Activity: Return the lines of the material below exactly, beginning with the line that has "Women's Let It" in it and finishing with the line that has "The Farmhouse in" in it. Leave all pictures aside.

Given data:

————

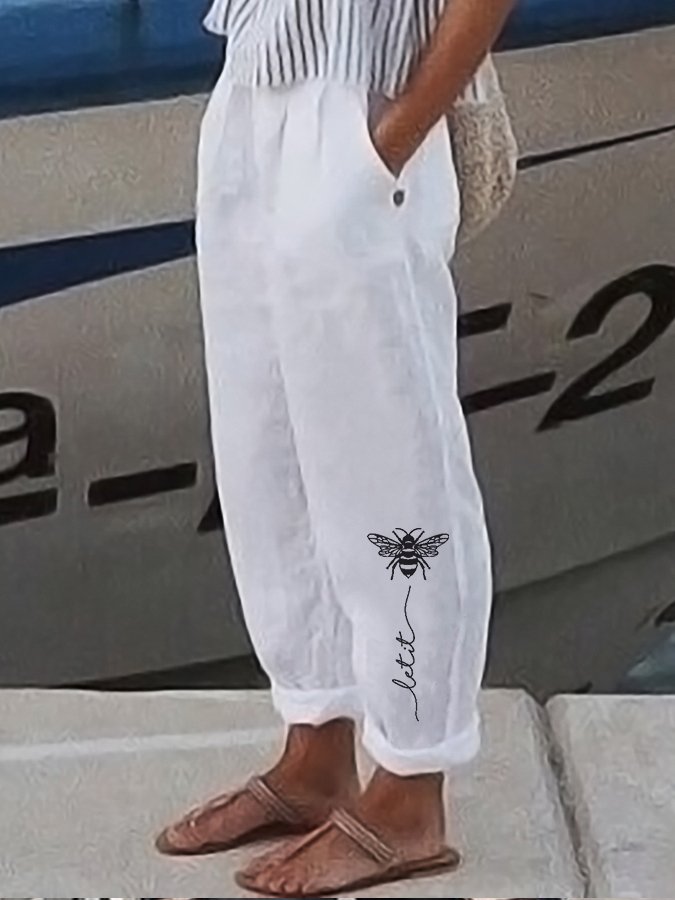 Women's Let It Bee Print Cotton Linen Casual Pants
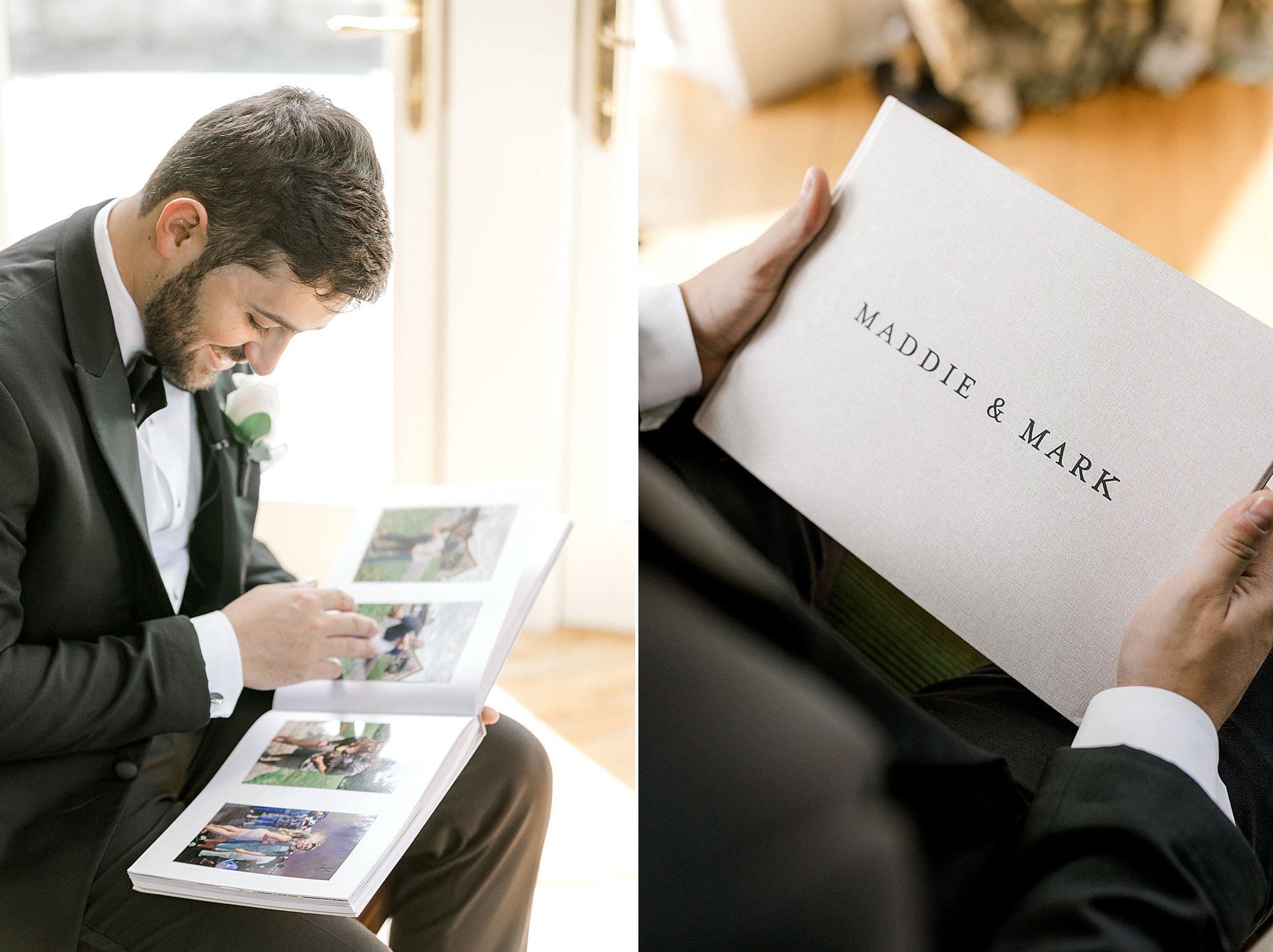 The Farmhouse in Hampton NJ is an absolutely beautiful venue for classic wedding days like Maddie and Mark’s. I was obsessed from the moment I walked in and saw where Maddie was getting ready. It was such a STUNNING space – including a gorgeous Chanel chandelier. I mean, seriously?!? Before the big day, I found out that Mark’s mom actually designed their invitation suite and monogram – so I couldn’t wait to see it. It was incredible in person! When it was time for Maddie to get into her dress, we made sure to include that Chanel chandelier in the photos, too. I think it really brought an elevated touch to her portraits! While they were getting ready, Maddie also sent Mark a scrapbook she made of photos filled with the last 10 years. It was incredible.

————

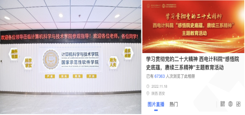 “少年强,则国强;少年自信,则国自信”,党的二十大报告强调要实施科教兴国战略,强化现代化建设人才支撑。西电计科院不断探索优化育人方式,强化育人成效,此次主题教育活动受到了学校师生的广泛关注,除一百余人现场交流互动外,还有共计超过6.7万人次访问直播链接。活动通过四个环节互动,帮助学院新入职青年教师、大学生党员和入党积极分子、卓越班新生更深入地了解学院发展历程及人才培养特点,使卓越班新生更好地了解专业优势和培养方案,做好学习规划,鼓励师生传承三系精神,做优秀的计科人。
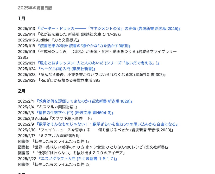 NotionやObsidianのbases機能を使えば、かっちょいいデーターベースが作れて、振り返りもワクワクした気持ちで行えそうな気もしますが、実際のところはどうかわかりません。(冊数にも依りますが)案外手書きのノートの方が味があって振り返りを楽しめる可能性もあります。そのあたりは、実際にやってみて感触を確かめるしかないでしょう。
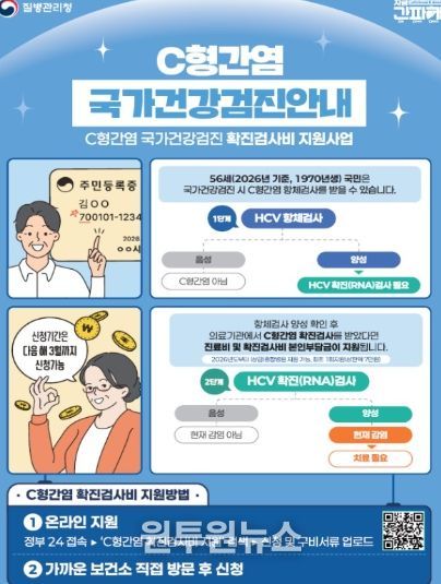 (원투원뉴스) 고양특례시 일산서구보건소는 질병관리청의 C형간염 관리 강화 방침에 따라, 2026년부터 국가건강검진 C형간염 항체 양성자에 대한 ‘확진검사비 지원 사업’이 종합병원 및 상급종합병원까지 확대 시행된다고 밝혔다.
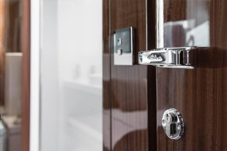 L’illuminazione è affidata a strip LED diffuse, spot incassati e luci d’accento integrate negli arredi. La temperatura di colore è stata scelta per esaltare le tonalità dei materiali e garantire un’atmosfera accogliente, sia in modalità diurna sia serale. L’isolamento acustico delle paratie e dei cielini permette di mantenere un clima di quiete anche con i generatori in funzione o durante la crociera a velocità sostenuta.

————

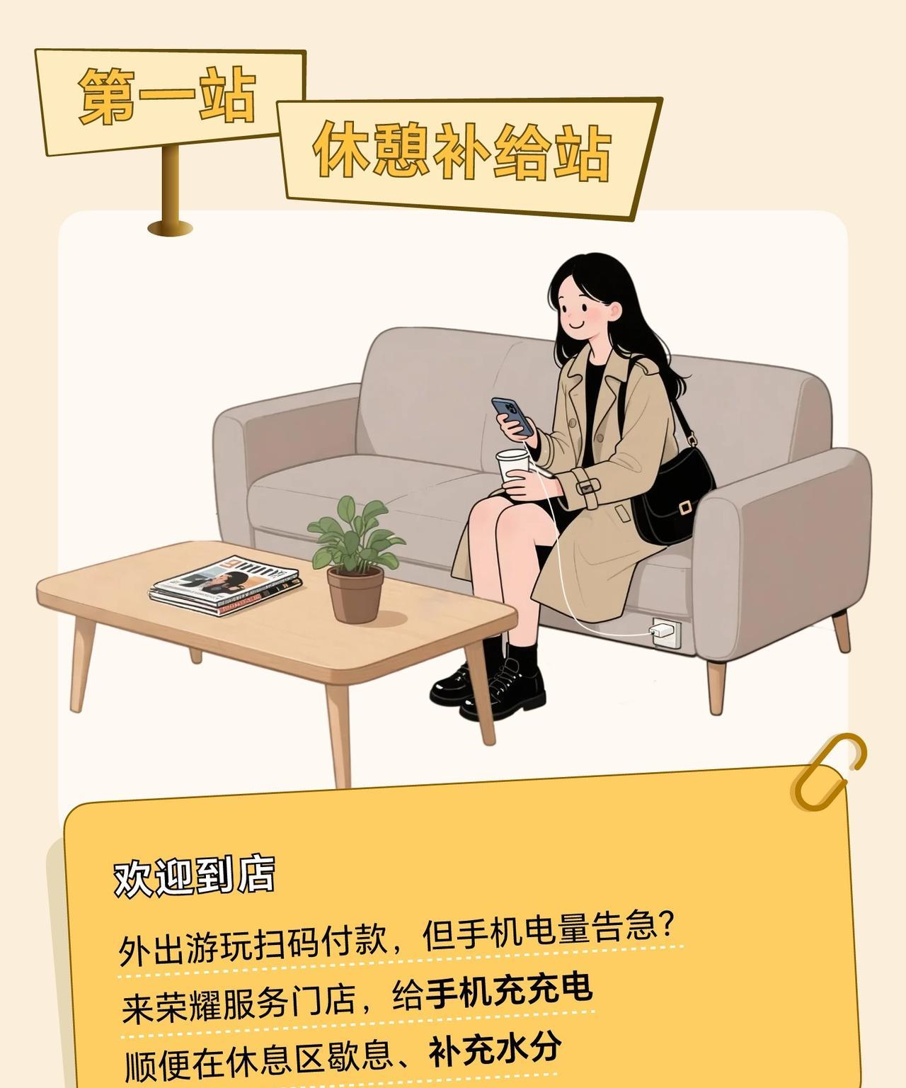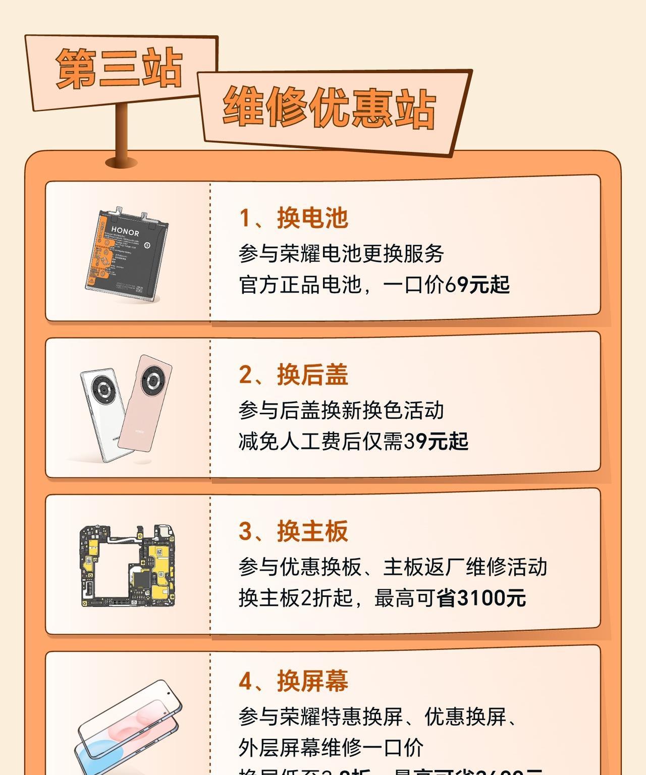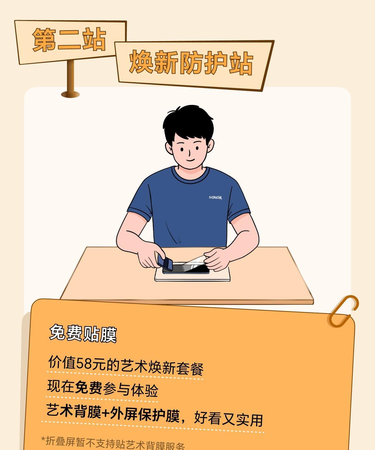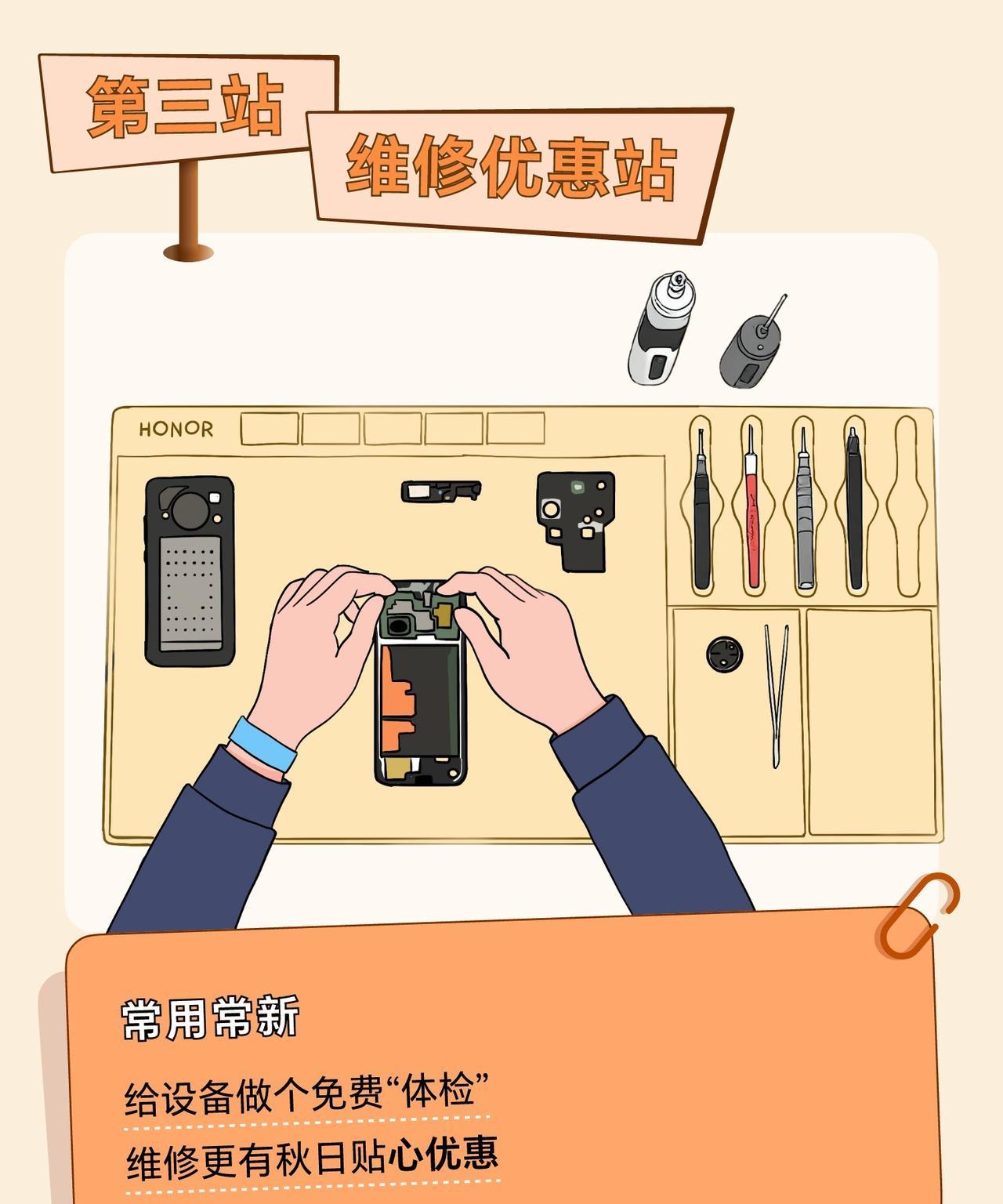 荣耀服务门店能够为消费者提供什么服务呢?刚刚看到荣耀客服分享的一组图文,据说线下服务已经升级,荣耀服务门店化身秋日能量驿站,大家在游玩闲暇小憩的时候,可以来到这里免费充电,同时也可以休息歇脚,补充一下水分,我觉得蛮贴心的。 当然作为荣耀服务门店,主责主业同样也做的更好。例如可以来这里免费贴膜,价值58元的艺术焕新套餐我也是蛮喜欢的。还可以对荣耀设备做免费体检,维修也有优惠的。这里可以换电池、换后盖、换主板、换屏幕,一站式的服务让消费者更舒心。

————

Answer for this exercise:
 Women's Let It Bee Print Cotton Linen Casual Pants
 The Farmhouse in Hampton NJ is an absolutely beautiful venue for classic wedding days like Maddie and Mark’s. I was obsessed from the moment I walked in and saw where Maddie was getting ready. It was such a STUNNING space – including a gorgeous Chanel chandelier. I mean, seriously?!? Before the big day, I found out that Mark’s mom actually designed their invitation suite and monogram – so I couldn’t wait to see it. It was incredible in person! When it was time for Maddie to get into her dress, we made sure to include that Chanel chandelier in the photos, too. I think it really brought an elevated touch to her portraits! While they were getting ready, Maddie also sent Mark a scrapbook she made of photos filled with the last 10 years. It was incredible.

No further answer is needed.